Gentlemen at war. (Photo by ALEXEY DANICHEV/Sputnik/AFP via Getty Images)


September 27, 2022   7 mins

Every war must end, but no war need end quickly. Neither world war makes the top 10 in longevity. The nearest parallel to the Ukraine war is the Dutch War of Independence (1568–1648), fought between a smaller but more advanced nation and the superpower of the age, the world-spanning Spanish Empire. It persisted for 80 years because the Spanish kept losing, but there was so much ruination in that declining power.

The 18th-century wars, fought by rival European monarchs who could all converse in French with each other, were enviously admired in the bloody 20th century. They had allowed commerce and even tourism to persist — utterly unimaginable even in Napoleon’s day, let alone during the two world wars. These wars ended not in the utter exhaustion of collapsing empires, as in 1918, nor in infernal destruction, as in 1945, but instead with diplomatic arrangements politely negotiated in between card games and balls.

The 1763 Treaty of Paris that ended the Seven Years’ War and French America, for instance, was not drafted by the victorious British Prime Minister John Stuart, Earl of Bute. Rather, it was written by his very good friend, the French foreign minister Étienne-François de Stainville, Duc de Choiseul. It was he who solved the three-way puzzle the French defeat left, by paying off Spain with Louisiana and Britain with money-losing Canada, and regaining the profitable sugar islands for France, which still has them.

And rather than winners charging the losers with incurable bellicosity, as Versailles did with Germany, or stringing them up individually as war criminals, as in the ending of 20th-century wars, 18th-century winners were more likely to console the losers with something just short of “better-luck next time”. In a century during which there was war every single year without exception from 1700 to 1800, if one war ended, another necessarily started or at least persisted, allowing a “next time” soon enough.

By contrast, the ensuing 19th-century wars held no lessons at all for the 20th century, which was equally bereft of a Napoleonic superman at the start and ample tropical lands easily conquered later on. The Crimea expedition in the middle was mostly a counter-example of how not to wage war. The Franco-Prussian war was just as sterile.

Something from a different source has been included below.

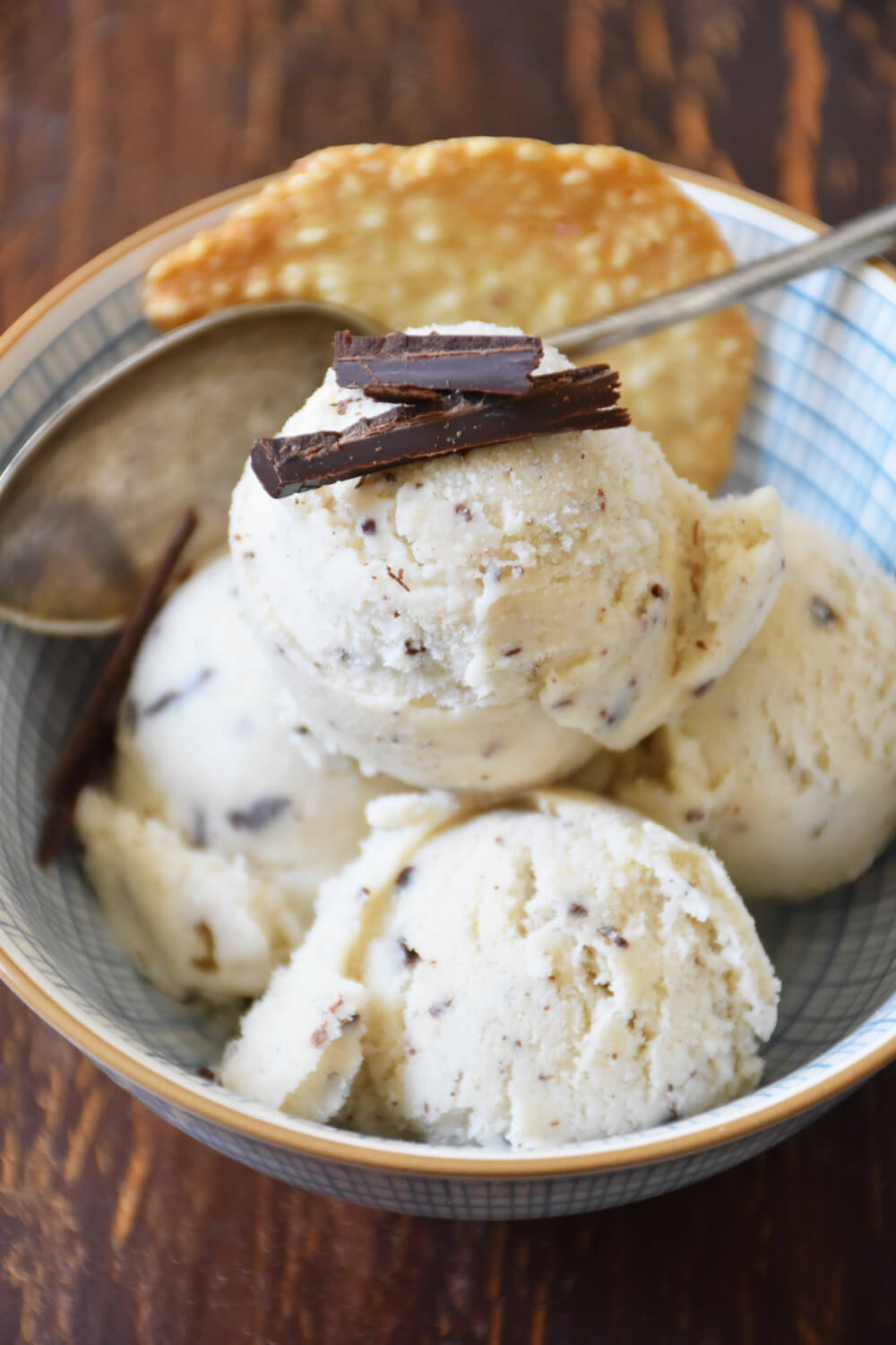 - In die Eismaschine füllen und ca. 30-40 Minuten rühren und gefrieren lassen.

All it proved was that there really was only one Helmuth von Moltke who could win wars by parsimonious force, unlike his homonymous nephew, who lost a five-year war in its first five weeks; and that there really was only one Otto von Bismarck, who crowned his incomplete 1871 unification of German lands by refusing to unify all Germans, lest the world combine to make a bigger Germany smaller.

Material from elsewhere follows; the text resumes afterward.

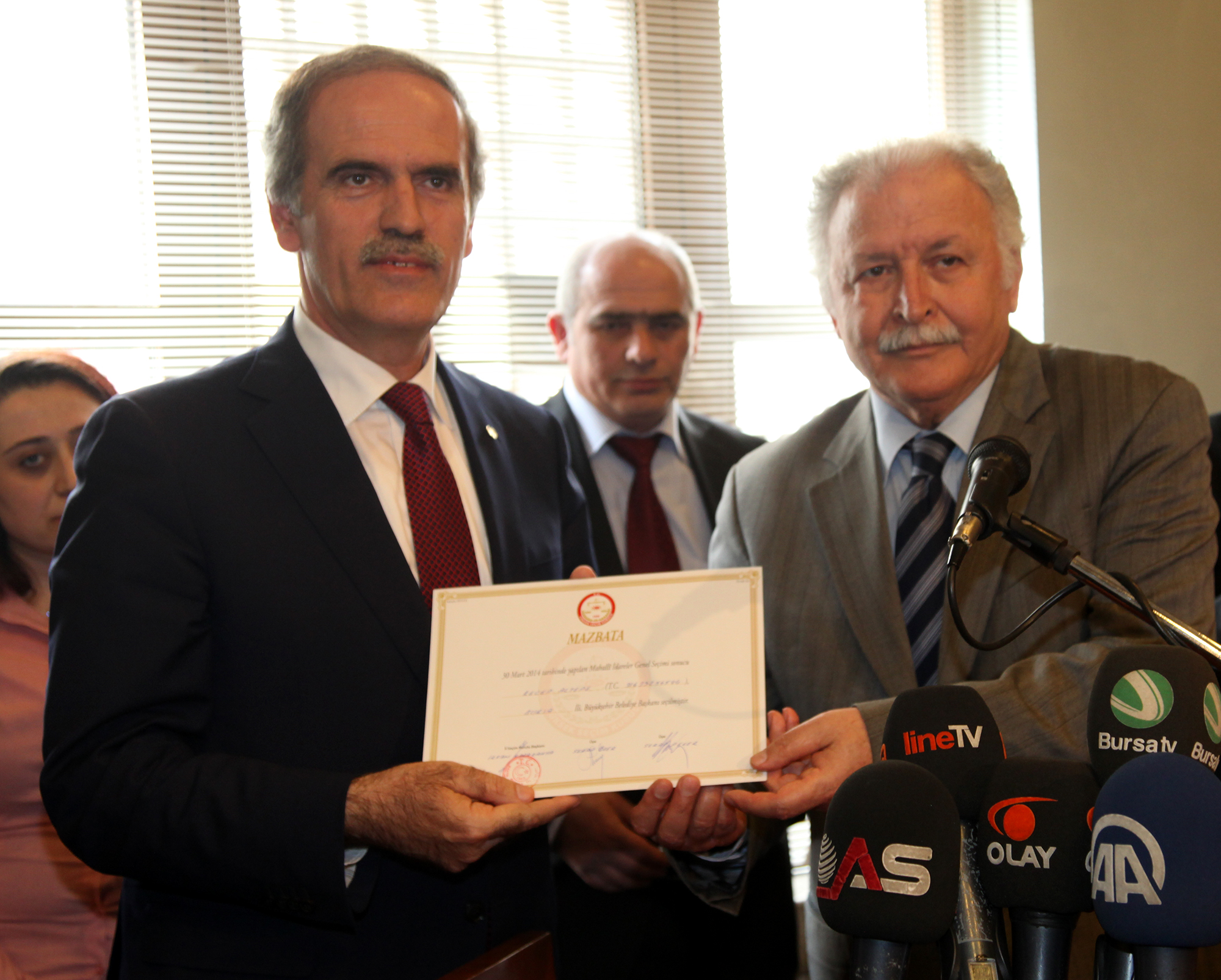 Bursa’da Büyükşehir Belediye Başkanlığı koltuğuna iki dönem üst üste oturmayı başaran ilk isim olarak tarihe geçen Başkan Recep Altepe, ikinci dönem için mazbatasını İl Seçim Kurulu’ndan aldı. Mazbatasını aldıktan sonra Heykel’deki tarihi binaya gelen Başkan Altepe, burada coşkulu bir kalabalık tarafından karşılandı. Yeni hizmet döneminin başlaması nedeniyle düzenlenen törende Başkan Altepe’ye, Bursa Milletvekili İsmet Su, AK Parti İl Başkanı Cemalettin Torun, Bursa’nın ilk Büyükşehir Belediye Başkanı Ekrem Barışık ile ilçe belediye başkanları da eşlik etti.

Clearly only the 18th-century precedents apply to the Ukraine War. Neither Putin nor Zelenskyy speaks French, but neither needs it to converse in their Russian mother-tongue. If they do not actually talk (Putin demurely said that he could not possibly be expected to negotiate with Kyiv’s drug addicts and Neo Nazis), their officials certainly can, and do so often.

When it comes to the persistence of commerce in war — the habit that Napoleon wanted to break with his Blocus Continental against British exports — every day, Russian gas flows to the homes and factories of Ukraine on its way into Western Europe. Ukraine transfers money to Russia every day, even as Putin attacks his faithful customer. And Ukrainian wheat is now shipped past Russian navy vessels to reach the hungry Middle East, after a negotiation unthinkable in 20th-century wars, or in Napoleon’s either.

In Russia, sanctions have certainly diminished easy access to imported luxuries in local franchised shops, but they still arrive via Turkey at a slight premium — or discount, depending how much Moscow previously marked them up. All over Russia, the sanctions have been felt in all sorts of ways because the country was actually more internationalised than anyone realised. (I arrived in Tomsk at 6am one winter morning, the temperature minus infinity, and the one place to eat was McDonald’s.)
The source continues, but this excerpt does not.